For the moment (until December 2020), the UK is still a participant in the European Union’s regulatory system for licensing medicines. Under the EU system, companies generally apply to the EMA for authorisation for ‘innovative’ medicines, for example, those with new active substances, and the authorisation is valid across the European Economic Area and the UK. For other drugs, the company can apply to the medicines licensing agency in any member state and there are arrangements to ensure that the authorisation applies across the European Economic Area. The government will need to set out its approach to market authorisation once the UK has left the European Union.

Why are new drugs so expensive?

There are good reasons why a pharmaceutical company might, legitimately, set a high price for a new medicine. When scientists decrypt a new disease, pharmaceutical companies start the painstaking search for a compound that might offer an effective treatment. The history of drug development documents the victories (Zidovudine and Didanosine for HIV, for example) rather than all the projects that came to nothing. Yet only 5 in 5,000 drugs make it from preclinical development to clinical trials. And only one of those makes it through clinical trials to become an approved drug. This is an industry where development costs are high and the likelihood of success is low. These and other complexities – for example, how to apportion research and development costs between countries – also make it almost impossible to calculate what a ‘fair price’ might look like.

Governments protect companies’ investment incentives by granting patents, giving companies that develop new drugs the exclusive right to make and sell their new drug, and preventing other companies from selling an identical product. Patents typically last for 20 years from the date of filing. In doing so, they generally give the firm the ability to set above-competitive prices until the patent expires.

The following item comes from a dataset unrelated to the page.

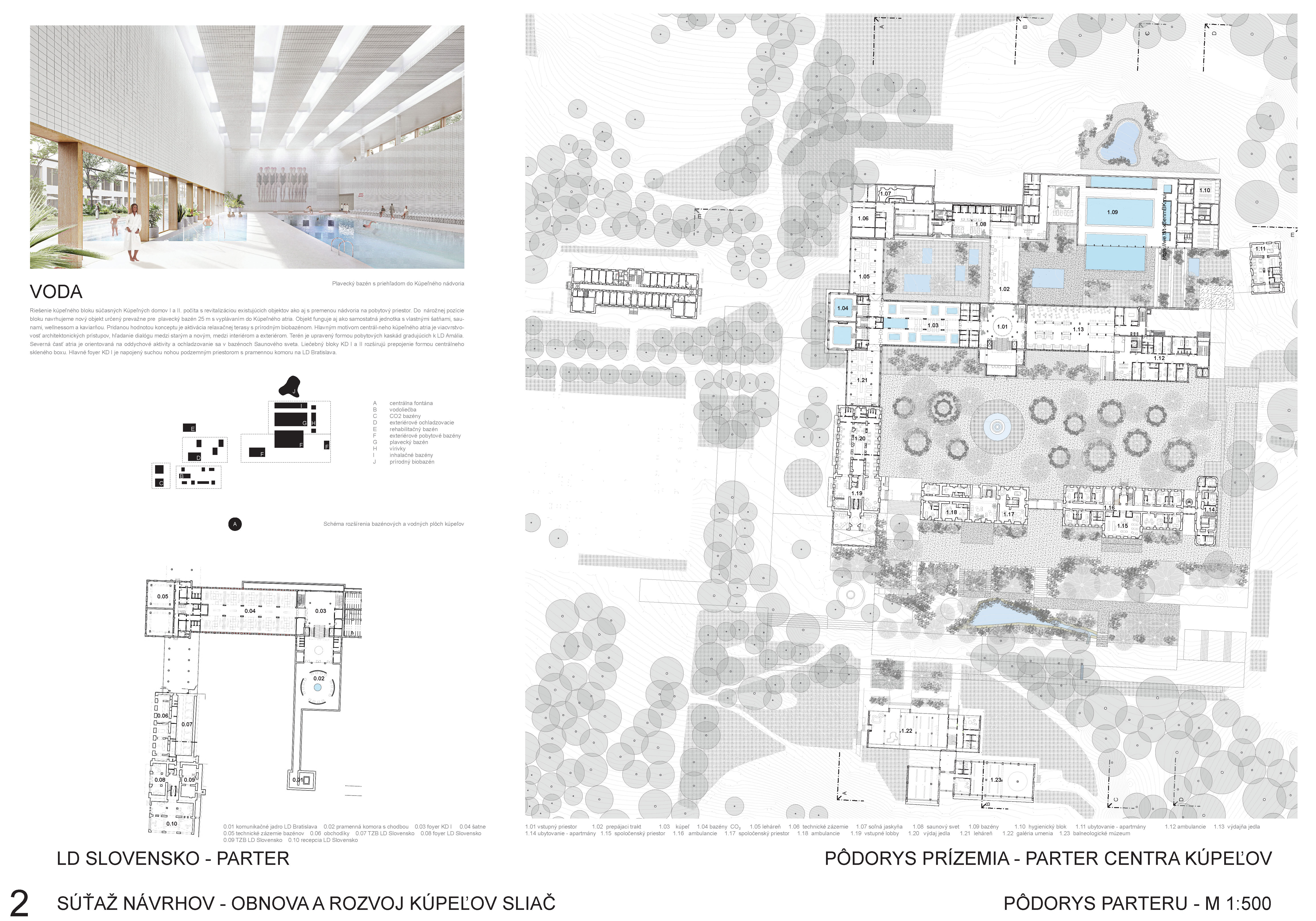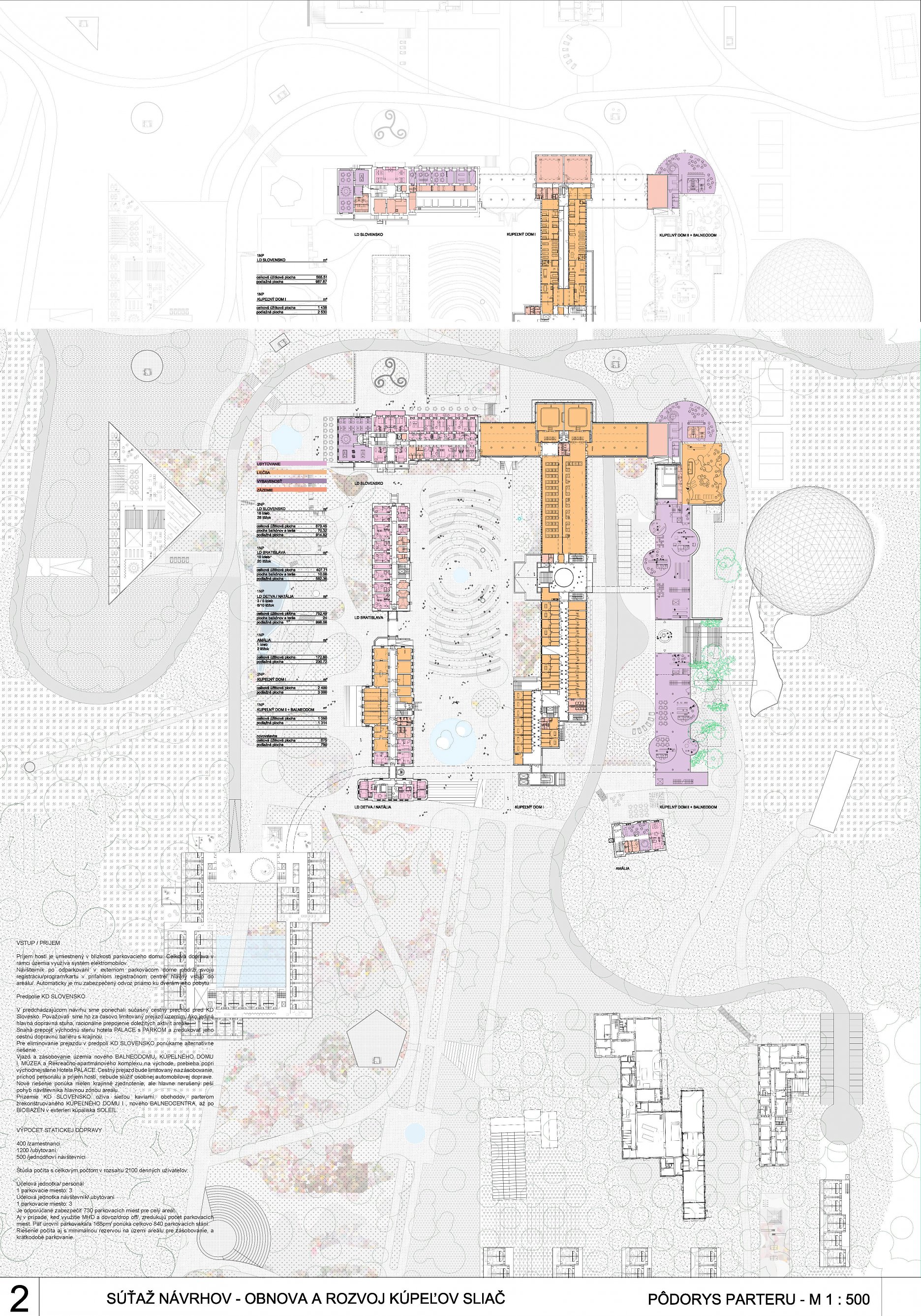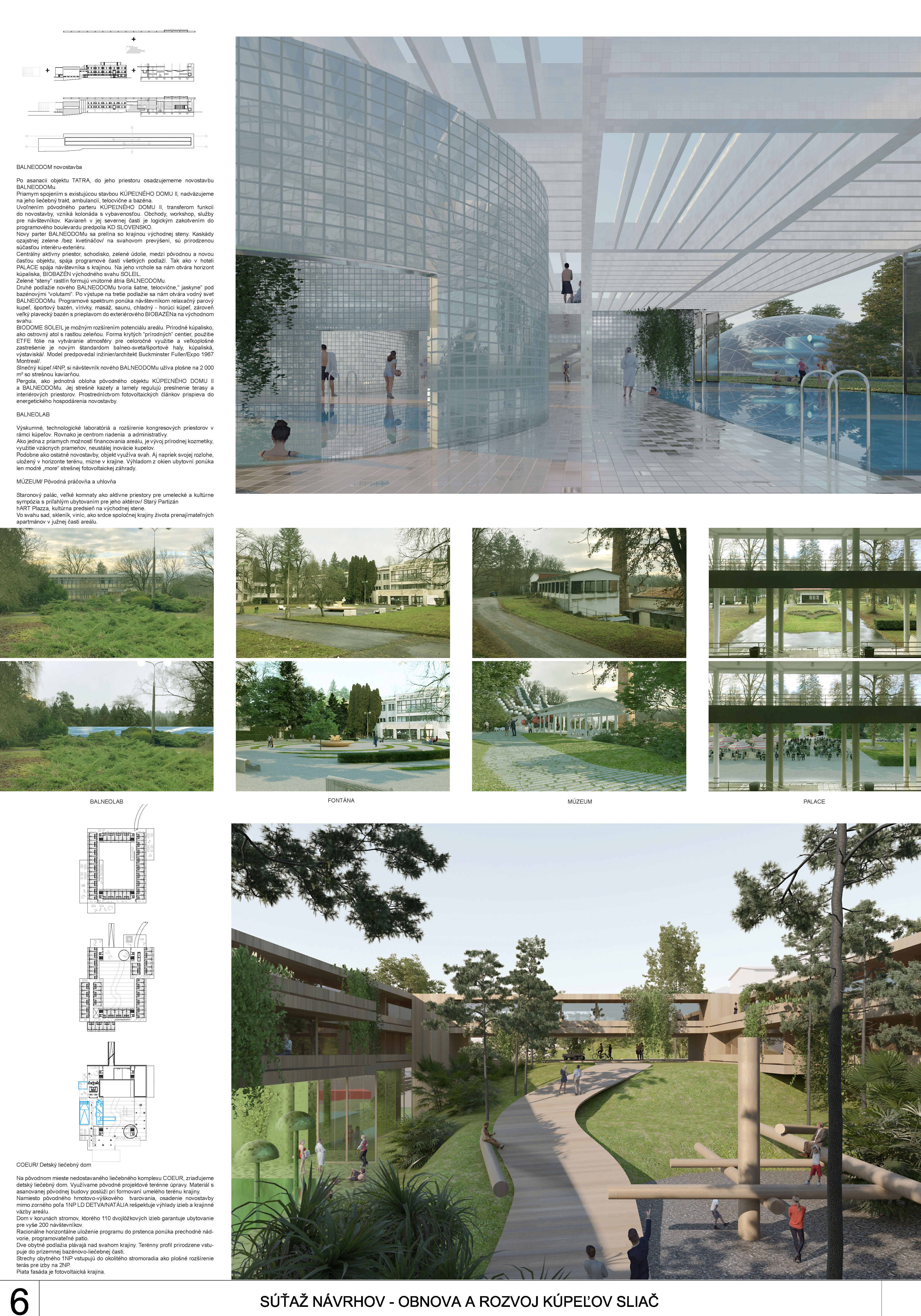 - do územia sebavedome vkladá novú architektonickú vrstvu balneoterapie, balneolab-u a sférickou kupolou prekrytý biobazén,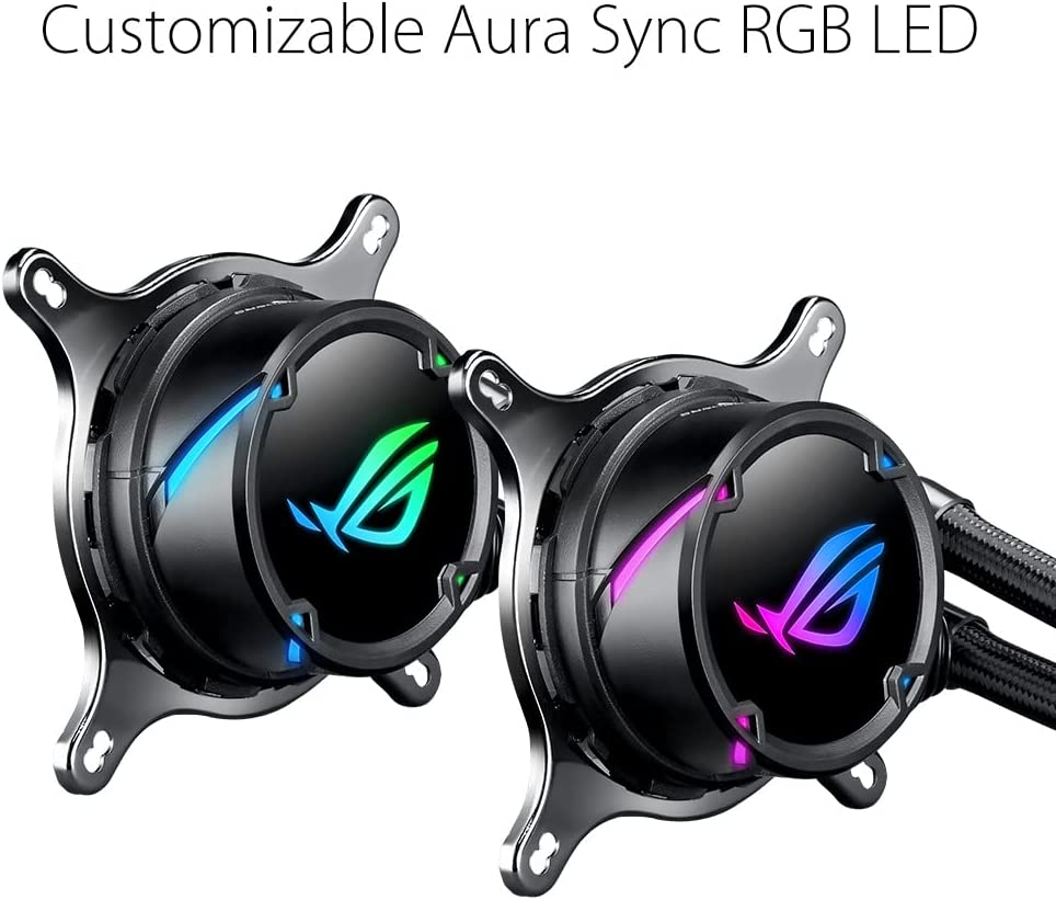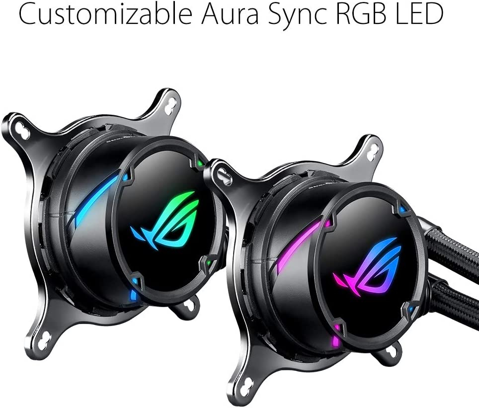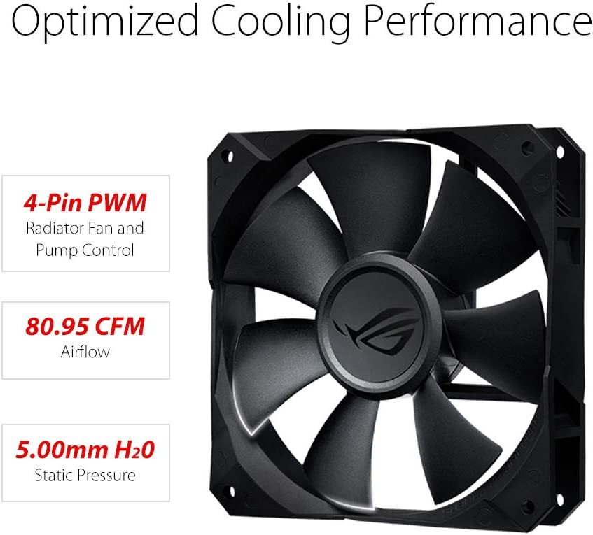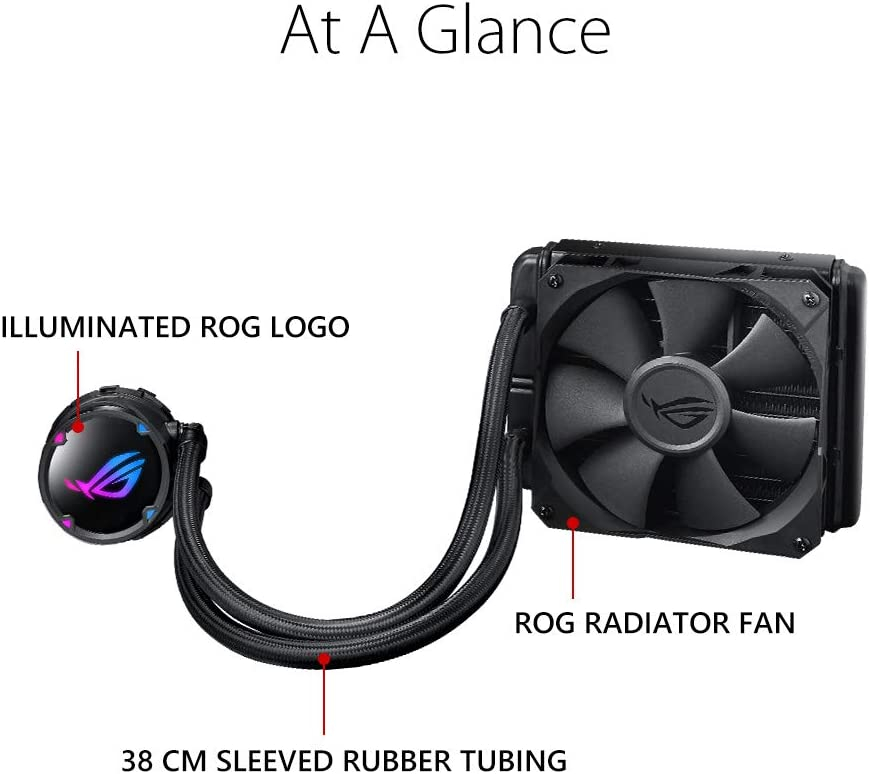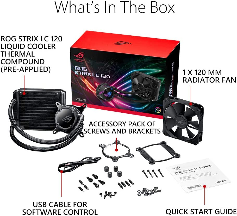 Asus ROG STRIX LC 120. Utilité: processeur, niveau de bruit de ventilateur (Max): 37, 6 dB, connecteur pompe: 4 broches. Type: interne, matériau du bloc de l’eau: cuivre, matière de radiateur: aluminium. Diamètre du ventilateur: 12 cm, Dimensions de ventilateur (L x P x H): 120 x 120 x 25 mm, Largeur du radiateur: 15 cm Poids et dimensions -Dimensions de ventilateur (L x P x H): 120 x 120 x 25 mm> -Largeur du radiateur: 15 cm> -Profondeur de radiateur: 12, 1 cm> -Hauteur du radiateur: 2, 7 cm> -Longueur du tube: 38 cm> -Largeur de l’échangeur: 8 cm> -Profondeur de l’échangeur: 8 cm> -Hauteur de l’échangeur: 4, 5 cm> Informations sur l’emballage -quantité: 1 contenu de l’emballage -vis incluses: oui -instructions d’installation: oui design -type: interne -matériau du bloc de l’eau: cuivre -matière de radiateur: aluminium> -matériau du tube: caoutchouc -voyant d’illumination: oui -couleur de l’éclairage: multicolore> -couleur du produit: noir représentation/réalisation -utilité: processeur -ventilateur intégré: oui -radiateur: oui -prise en charge de la Modulation par Largeur d’impulsion: oui -niveau de bruit de ventilateur (Max): 37, 6 db -connecteur pompe: 4 broches> -nombre de ventilateurs: 2 ventilateurs> -la vitesse du ventilateur (min): 800 tr/min -la vitesse du ventilateur (Max): 2400 tr/min -courant d’air maximum: 80, 95 cfm -prise en charge des douilles du processeur: LGA 1150 (emplacement H3), LGA 1151 (emplacement H4), LGA 1155 (Socket H2), LGA 1156 (Socket H), LGA 1356 (emplacement B2), LGA 1366 (Socket B), LGA 2011 (Socket R), LGA 2011-v3 (Socket R), LGA 2066, emplacement AM4, Socket tr4 -flux d’air: 137, 5 m³/h -pression d’air maximale: 5 mmh2o -nombre de ventilateurs supportés:

Patents are a particularly powerful mechanism for protecting prices and profitability in medicines. This is because new medicines are easy to define and patent (as a chemical entity has a specific formula that can be patented). It is also because both public health care and private health insurance look to insulate the patient and doctor from the cost of paying for health care at the point of use. This means patients and doctors are not put off by high prices because they do not pay them directly. Governments and insurers meanwhile want to give as many people access as they can, while keeping control of spending.

Companies can typically set high prices for a patented new drug on release, particularly if there are no alternative treatments for the condition. If other companies launch effective new treatments while a drug is in patent, the incumbent may then be forced to reduce prices if it wants to continue selling its drug in large volumes. However, it is only when the patent expires that companies can start manufacturing and selling generic versions of the drug (a medicine with the same active pharmaceutical ingredient as the originator drug) or a biosimilar version for more complex drugs (a medicine that doesn’t have any clinically meaningful differences from the originator drug). When generics or biosimilars enter the market, prices go down and the originator’s profits typically drop rapidly.

All of this supports the logic of setting high prices for a new drug on release, since pharmaceutical companies have a short window of opportunity to recoup the substantial development costs for a new drug, before being forced to reduce prices and see profits fall as competition develops.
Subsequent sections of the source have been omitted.